A basic result from linear algebra tells us that because the determinant of $A$ is $0$, the vectors in $\mathbb{R}^n$ that comprise the columns of $A$ must be linearly dependent. This means that:
\begin{eqnarray*}
\lambda_1\begin{pmatrix}\langle v_1,v_1\rangle\\
\langle v_1,v_2\rangle\\\vdots\\
\langle v_1,v_n\rangle
\end{pmatrix}+
\lambda_2\begin{pmatrix}\langle v_2,v_1\rangle\\
\langle v_2,v_2\rangle\\\vdots\\
\langle v_2,v_n\rangle
\end{pmatrix}+
\cdots+
\lambda_n\begin{pmatrix}\langle v_n,v_1\rangle\\
\langle v_n,v_2\rangle\\\vdots\\
\langle v_n,v_n\rangle
\end{pmatrix}=\begin{pmatrix}0\\0\\\vdots\\0\end{pmatrix}
\end{eqnarray*}
so that for each $i$, $\lambda_1\langle v_1,v_i\rangle+\ldots+\lambda_n\langle v_n,v_i\rangle=0$. Using the properties of the inner product we get that $\langle \lambda_1v_1+\ldots+\lambda_nv_n,v_i\rangle=0$ for all $i$. This implies that $\lambda_1v_1+\ldots+\lambda_nv_n=0$ as desired.

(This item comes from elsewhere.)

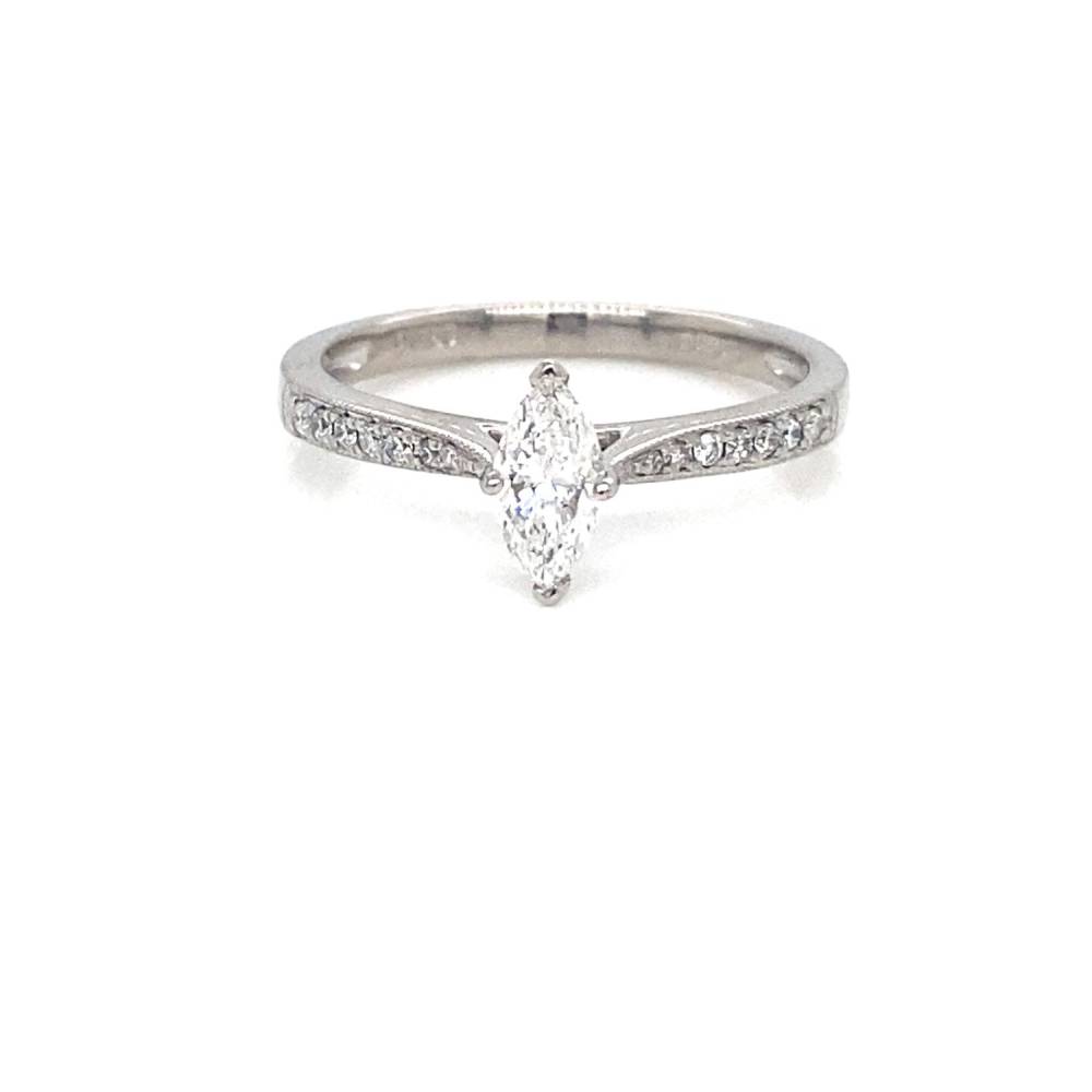 A single marquise cut diamond set in a platinum mount with grain set diamond set shoulders. 0.30ct marquise diamond, GIA certificated F colour, Si2 clarity. 0.08ct total shoulder diamond weight.

Why does it follows that $\lambda_1v_1+\ldots+\lambda_nv_n=0$? The reason is because the inner product of $\lambda_1v_1+\ldots+\lambda_nv_n$ with all of its "components" is $0$. More explicitly, because $\langle \lambda_1v_1+\ldots+\lambda_nv_n, v_i\rangle=0$ it follows that $\langle \lambda_1v_1+\ldots+\lambda_nv_n, \lambda_iv_i\rangle=0$. Thus, adding all of these inner product expressions, we find that:
\begin{eqnarray*}
\langle \lambda_1v_1+\ldots+\lambda_nv_n, \lambda_1v_1+\ldots+\lambda_nv_n\rangle=0
\end{eqnarray*}
which is only possible if $\lambda_1v_1+\ldots+\lambda_nv_n=0$.